Child support and alimony orders in California typically include automatic income withholding, and they take priority over most other wage garnishments.
Under federal law:
California employers must treat these orders as a top priority and apply them before most other garnishments. Support garnishment amounts are usually specified in the court order and may not match the typical 25% cap on consumer judgments in California.
Defaulted federal student loans can be collected through administrative wage garnishment without a state court judgment—the federal government has special collection powers.
Key limits:
These federal rules apply even in California, alongside state protections where they don’t conflict. If you’re facing student loan garnishment, the calculation differs significantly from ordinary creditor judgments.
Tax agencies—both federal and state—have their own garnishment powers that don’t follow the standard percentage formulas. In addition to federal taxes, states and local governments can garnish wages to collect unpaid state and local taxes, with specific limits and procedures that may differ from federal tax garnishments.

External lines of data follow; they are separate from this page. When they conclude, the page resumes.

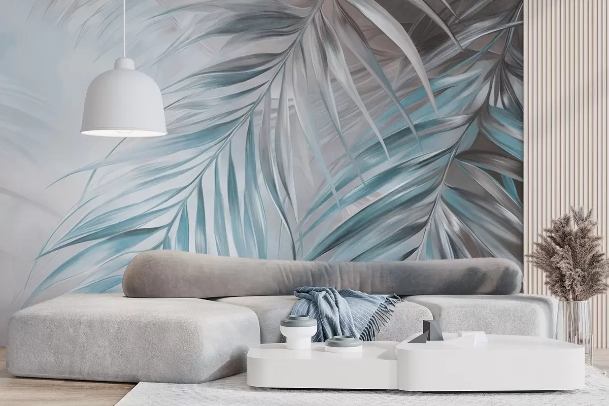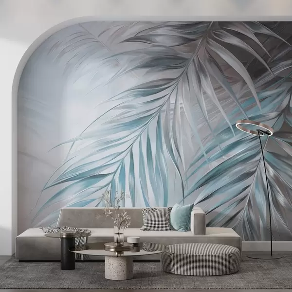 Fotobehang Palmbladeren met grijze en blauwe tinten, lichte gestructureerde achtergrond met zachte kleuren, elegante tropische stijl N° w09475v1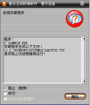 已安装使用微点主动防御软件的用户,无须任何设置,微点主动防御将自动保护您的系统免受该病毒的入侵和破坏。无论您是否已经升级到最新版本,微点主动防御都能够有效清除该病毒。如果您没有将微点主动防御软件升级到最新版,微点主动防御软件在发现该病毒后将报警提示您发现“可疑程序”,请直接选择删除处理(如图1)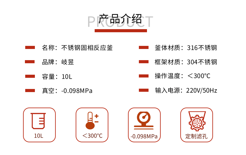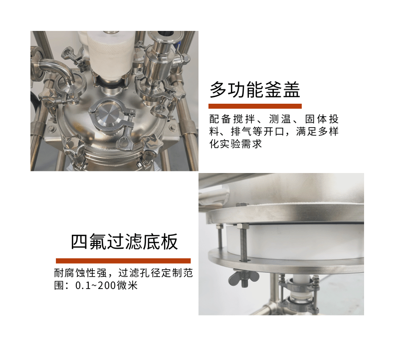 本款不锈钢多肽固相合成反应釜,以316不锈钢为核心主材,经过电解抛光处理,防腐耐用。四氟过滤底板,拆卸方便,且可以更换不同孔径。该反应釜可用于搅拌、抽滤、多肽合成、结晶、裂解等实验工艺,实用性极强。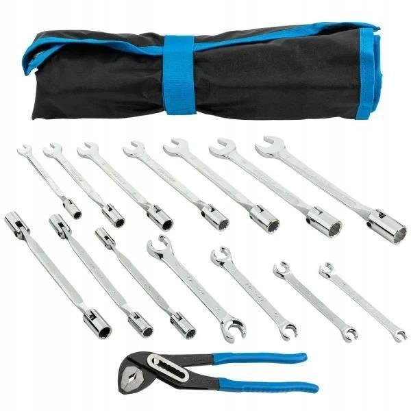 Zestaw kluczy płasko-nasadowych, nasadowo przegubowych, oczkowych rozciętych 14el. (8-19mm) na płachcie + szczypce

IRS wage levies for unpaid taxes:
California Franchise Tax Board (FTB) garnishment:
The FTB provides explicit payment amount tables for state tax-related garnishments:
Tax levies generally have priority over general civil judgments but may still be secondary to child support obligations.
The garnishment calculator isn’t just for estimating how much you’ll lose—it helps you evaluate strategies to protect your income. Several legal options exist to reduce or stop wage garnishment.
Common options to address California wage garnishment:
The best option depends on your debt type, the total amount owed, your income level, and whether you’re facing other collection actions, such as bank levies. Acting quickly after receiving a Notice of Wage Garnishment or Earnings Withholding Order is critical—deadlines to object in California are typically 10-15 days.
California workers can file a Claim of Exemption with the levying officer or the court to request that part or all of their wages be protected due to financial hardship.
The process typically involves:
If the court finds that the garnishment would prevent you from supporting yourself or your family, it may reduce or eliminate the garnishment amount. Deadlines are strict—missing them usually means losing your right to object.
Some creditors will agree to a lump-sum settlement or reduced monthly payment plan in exchange for releasing or not starting a wage garnishment.
Key considerations:
For credit cards, medical bills, and personal loans, negotiated settlements of 40-60% of the original debt are sometimes achievable, though results vary by creditor and your circumstances.
Filing bankruptcy under Chapter 7 or Chapter 13 in California can trigger an “automatic stay” that usually stops most wage garnishments and other creditor remedies, such as property liens in Texas, immediately upon filing.
Important limitations:
Anyone considering bankruptcy should consult a qualified California bankruptcy attorney to review eligibility, costs, and likely outcomes before filing.
Understanding your garnishment exposure is the first step toward protecting your income. Here’s how to move from information to action:
Time matters. Many protective options have short deadlines measured in days, not weeks.
Under the federal Consumer Credit Protection Act (CCPA), an employer cannot legally fire an employee paid wages because of wage garnishment for a single debt. This protection exists specifically to prevent financial problems from spiraling into job loss.
Important limitations:
Helpful resources:
If you believe your employer is retaliating against you for garnishment, document everything and consult with an employment attorney or legal aid organization promptly.
Whether you’re facing a creditor judgment, tax levy, or support order, understanding how the calculation works gives you the foundation to take meaningful action. Use the wage garnishment calculator with your actual numbers, review your options carefully, and don’t hesitate to seek professional guidance when the stakes are high.